Plan for Profit
If there’s one thing we can agree on, it’s that today’s small and mid-sized business owners don’t have it easy.
While the majority of business owners in the meat and poultry processing industry may be experts on the industry, running the day-to-day operations of the business is often overwhelming for many of them. For instance, many get too caught up in the short-term details and lose sight of the big picture – the real role of a business owner. External issues consume their focus, when their attention should be focused on addressing the needs of their own business and managing for profits.
The first and most important question you need to ask as a business owner or manager is: Are we profitable? And if not, how can we be profitable?
Business owners need to stop living on residual profit, or what’s left over, and implement a business model that ensures profit.
How much do I want to make, and how can I get there? The answer is simple – plan for profit. This can be done by adhering to a planned profit model – a simple equation that ensures you act today, but plan for tomorrow.
Revenue – Profit = Expenses
Profit should not be a result or an outcome. Profit should be looked at first. However, most managers don’t realize that profit is a number that can be decided upon, as a fixed input variable, determined and controlled in advance. Too many businesses use a model that places profit as the result, and don’t know how much money they have generated (or lost) until the accounting period ends.
What do I want my profit to be? How much revenue will it require? And, what expenses can I cut?
While you can’t cut your way to profitability, you can control costs and increase productivity.
The trick is finding which costs can be cut or controlled and how to do it. The same goes for the production. An efficient business eliminates wastes within the operation. Such waste includes:
• Labor inefficiencies, such as too many employees, improper allocation of personnel for jobs, and scheduling problems.
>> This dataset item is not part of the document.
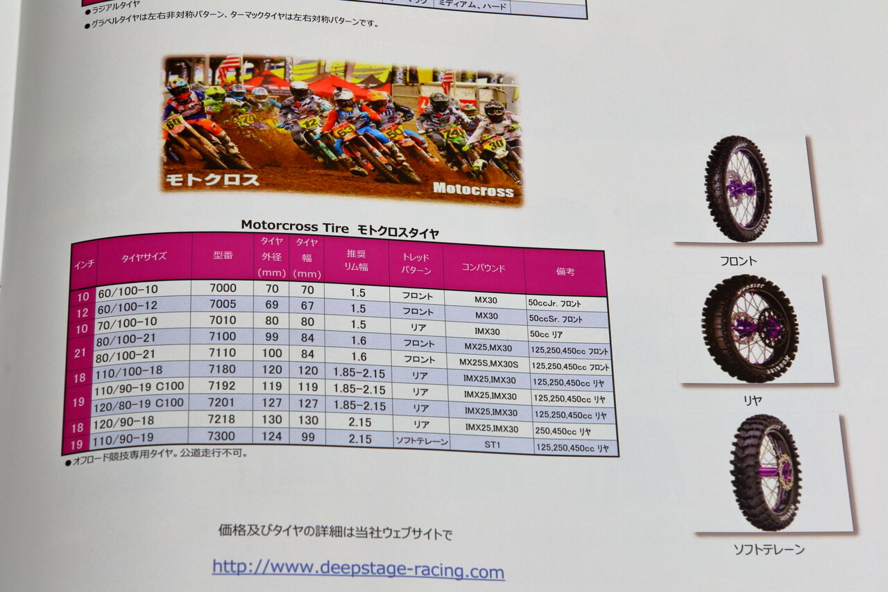 そのHoosier Racing Tireを国内で扱うDEEP STAGEさんから " 誰かモトクロス用のタイヤを使ってくれる人居ないかな? ” との事で、完全なレース用タイヤですので限られた人向けとなりますが、モトクロスでレースをされている方がもしこの記事を見てくれていて、下記URLのカタログのタイヤに興味がお有りでしたら是非 secretbase-racing@nifty.com までご連絡を宜しくお願いいたします^^

• Material inefficiencies, including poor purchasing decisions, cost issues, and wasted materials.
• Service inefficiencies, both on part of the business not serving customers effectively, as well as vendors providing ineffective services, such as marketing services that don’t provide sufficient ROI.
• Inventory control, which includes having too much inventory, not having inventory where it is needed, and having too much cash tied up in inventory.
Any business owner can perform better if he or she implements a strategic planned profit model and remembers three key ideas:
• Data Warehousing – This is a fancy, computer-oriented term for something that smart owners have done for years; remembering past experience to improve current and future performance. The concept of Data Warehousing is a natural next step after starting to use Business Intelligence. Once you have the data, store it so that it can be used to plan and compare against future work. Your corporate memory will prove to be critical to avoiding decisions that may have negative ramifications and which should have been learned from the past.
• Key Performance Indicators – KPIs are the number of customers served per day, the amount of cash brought in per week, and the quantity of widgets sold per period.
All of these factors are why many owners and managers turn to professional business management consultants to help them find the problem areas of their businesses and provide them with the tools to fix it. A key reason for using professional assistance is the fact that outsiders bring an objective viewpoint. Owners or managers of a troubled business may be reluctant or unable to identify problems or offer a lasting solution, since they may be largely responsible for the problems to begin with. When business owners invest in professional consulting expertise, they can receive the greatest return on that investment – a profitable business for years to come.